*RECORD SET*.
---*---

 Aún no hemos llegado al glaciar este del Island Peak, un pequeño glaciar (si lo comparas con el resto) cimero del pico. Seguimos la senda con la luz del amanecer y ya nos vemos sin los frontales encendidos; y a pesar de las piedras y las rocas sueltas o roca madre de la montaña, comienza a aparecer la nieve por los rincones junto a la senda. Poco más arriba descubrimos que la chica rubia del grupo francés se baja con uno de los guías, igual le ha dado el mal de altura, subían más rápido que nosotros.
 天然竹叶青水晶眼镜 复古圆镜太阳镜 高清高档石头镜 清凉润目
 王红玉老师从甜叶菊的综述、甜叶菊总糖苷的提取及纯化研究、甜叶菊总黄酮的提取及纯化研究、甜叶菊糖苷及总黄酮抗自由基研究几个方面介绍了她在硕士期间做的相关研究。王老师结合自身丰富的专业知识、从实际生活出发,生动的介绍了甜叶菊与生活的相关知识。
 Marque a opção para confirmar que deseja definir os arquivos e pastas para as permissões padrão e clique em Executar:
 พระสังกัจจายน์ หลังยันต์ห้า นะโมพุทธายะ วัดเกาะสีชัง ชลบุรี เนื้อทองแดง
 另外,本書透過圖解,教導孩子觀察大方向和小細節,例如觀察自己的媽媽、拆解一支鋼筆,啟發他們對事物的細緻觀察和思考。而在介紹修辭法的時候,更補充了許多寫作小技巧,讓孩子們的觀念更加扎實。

---*---

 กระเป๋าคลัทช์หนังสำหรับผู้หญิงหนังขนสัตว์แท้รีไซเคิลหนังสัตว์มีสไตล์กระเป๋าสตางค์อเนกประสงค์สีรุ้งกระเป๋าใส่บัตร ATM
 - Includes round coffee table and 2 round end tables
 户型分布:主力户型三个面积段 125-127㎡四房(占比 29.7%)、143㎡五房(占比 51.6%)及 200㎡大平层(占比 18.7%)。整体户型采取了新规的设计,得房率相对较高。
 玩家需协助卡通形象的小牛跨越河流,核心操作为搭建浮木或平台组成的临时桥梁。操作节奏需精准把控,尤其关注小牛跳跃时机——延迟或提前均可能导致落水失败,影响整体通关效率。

---*---

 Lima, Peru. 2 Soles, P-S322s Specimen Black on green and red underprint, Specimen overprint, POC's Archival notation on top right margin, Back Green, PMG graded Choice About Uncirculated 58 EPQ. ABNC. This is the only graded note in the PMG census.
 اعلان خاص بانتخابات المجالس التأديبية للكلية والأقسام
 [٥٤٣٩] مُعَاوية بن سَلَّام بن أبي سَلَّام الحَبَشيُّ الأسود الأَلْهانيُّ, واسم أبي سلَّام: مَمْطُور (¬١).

---*---

*WORK ITEM*. Given the records above, return exactly the lines starting at the line containing "กระเป๋าคลัทช์ห" and ending at the line containing "户型分布:主力户型三个面积段 125-127㎡四房(占比 29.7%)、143㎡五房(占比", including both.

*TASK ANSWER*.
 กระเป๋าคลัทช์หนังสำหรับผู้หญิงหนังขนสัตว์แท้รีไซเคิลหนังสัตว์มีสไตล์กระเป๋าสตางค์อเนกประสงค์สีรุ้งกระเป๋าใส่บัตร ATM
 - Includes round coffee table and 2 round end tables
 户型分布:主力户型三个面积段 125-127㎡四房(占比 29.7%)、143㎡五房(占比 51.6%)及 200㎡大平层(占比 18.7%)。整体户型采取了新规的设计,得房率相对较高。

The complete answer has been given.